The organization works because everyone is applying the same principle at their level. Each person managing their team, considering their scope, with that same discipline recursing down through every layer.
The reframe
At every level, the people who report to you are contributors. They’re just contributing different things:
- ICs contribute technical output, functional execution, tangible deliverables
- Managers contribute team capability, people development, coordinated execution
- Managers of Managers contribute organizational systems, functional strategy, leadership capacity
- Functional Leaders contribute cross-functional integration, organizational outcomes, strategic direction
You’re always managing contributors. The nature of their contribution changes, but your job remains the same: enable your contributors to contribute at their level.

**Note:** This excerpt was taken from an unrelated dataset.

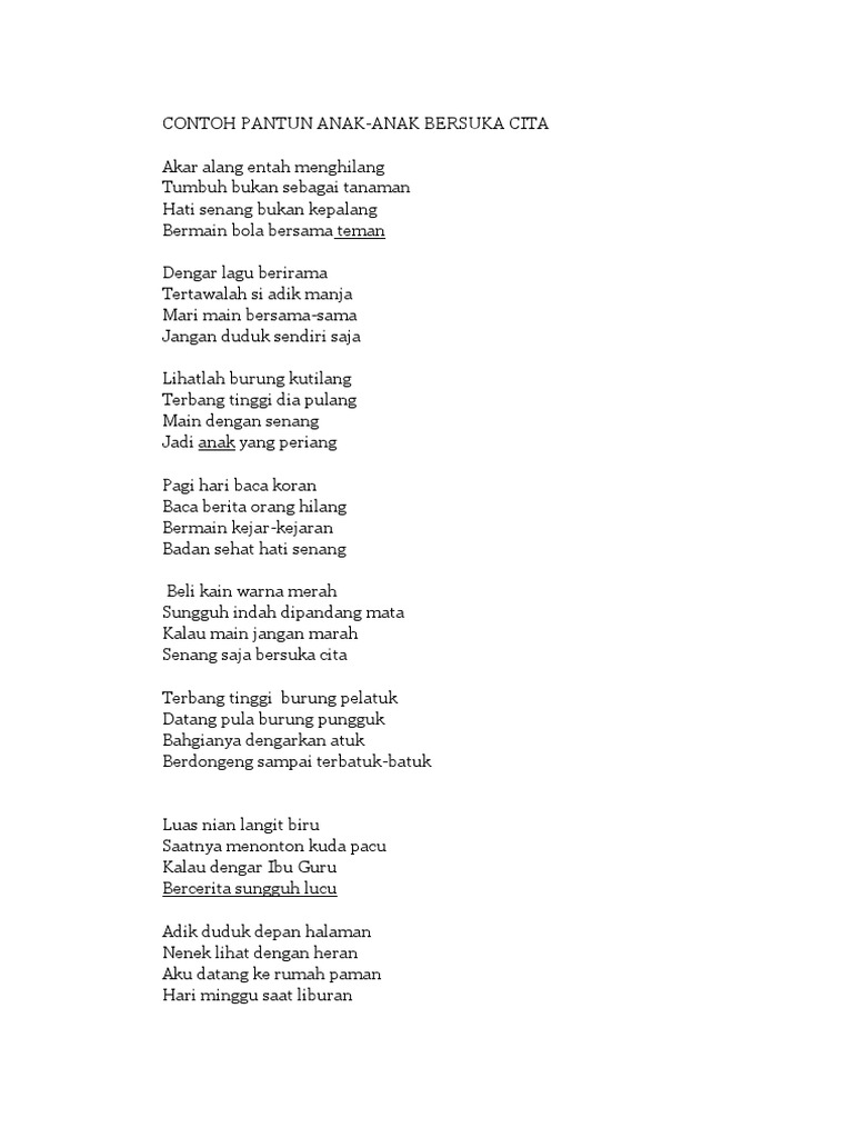 Orang tersebut spesial bagi kita yang biasa kita menyebutnya dengan sahabat. Atau cek fb kami disini. Pantun anak anak merupakan salah satu karya sastra yang dipelajari dalam mata pelajaran bahasa indonesia. Dalam bahasa jawa misalnya dikenal sebagai parikan dan dalam bahasa sunda dikenal sebagai paparikan. Pantun merupakan salah satu jenis puisi lama yang sangat luas dikenal dalam bahasa bahasa nusantara. Siapa sih yang tidak suka suasana bahagia senang gembira riang dan sebagainya.

And you yourself are a contributor to the level you report to. The manager contributes team capability to the manager of managers. The functional leader contributes cross-functional integration to the organizational leadership team. Everyone is simultaneously managing contributors below them and contributing to the level above them.

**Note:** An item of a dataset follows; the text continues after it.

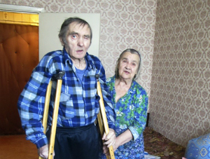 — Я даже представить себе не могла, что на мою седую голову такая беда придет! — сокрушается Тамара Яковенко. — Жили себе с мужем, век доживали. Ему тяжело, я все время возле него. Когда он сначала один инсульт перенес, потом второй, с ним видите, что сталось? — женщина показывает на худенького, иссушенного болезнями старичка, который с трудом сидит на кровати. Левый глаз у дедушки после инсультов не открывается. — Конечно, Володя сам ходить не может, я везде с ним выхожу. А в этом году еще и со мной беда приключилась. Вела деда под руку через дорогу, оступилась, упала и поломала плечо. Как мы с ним вдвоем больные выкручивались — и в магазин сходить, и поесть приготовить, — не знаю. А тут новая напасть на нас!

You don’t stop being a contributor when you become a manager. You become a different kind of contributor. You don’t stop managing contributors. You manage contributors whose contribution is enabling other contributors. The grief isn’t “I’m no longer a contributor.” It’s “my form of contribution has changed.”
What we’re really asking
Becoming an organizational leader means surrendering decisive control and unilateral authority (the very capabilities that defined functional leadership excellence) and finding meaning in something maximally abstract: the quality of collective deliberation itself. You must derive satisfaction from outcomes you don’t fully control. You must feel competent at work that produces no tangible artifacts. You must find meaning in the deliberative process rather than in decisive action. Your contribution is the quality of your engagement with peers, an identity that only exists in relationship and can’t be fully controlled by any individual.

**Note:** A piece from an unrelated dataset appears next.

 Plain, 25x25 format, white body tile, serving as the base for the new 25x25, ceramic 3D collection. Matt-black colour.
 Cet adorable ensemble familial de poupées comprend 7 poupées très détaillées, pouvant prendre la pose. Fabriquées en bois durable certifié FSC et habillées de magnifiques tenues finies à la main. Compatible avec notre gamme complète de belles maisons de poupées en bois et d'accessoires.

That’s grief work. Until we name it as such, we’ll keep promoting people into identity-destroying transitions without support, creating the organizational debt of broken relationships and toxic politics, then wondering why smart, capable leaders keep struggling with cross-functional collaboration.
Navigating these transitions requires yet another surrender of what made you successful, yet another grief process for what you’ve lost, and yet another discovery of meaning in increasing abstraction. All while everyone pretends it’s just learning new collaboration skills.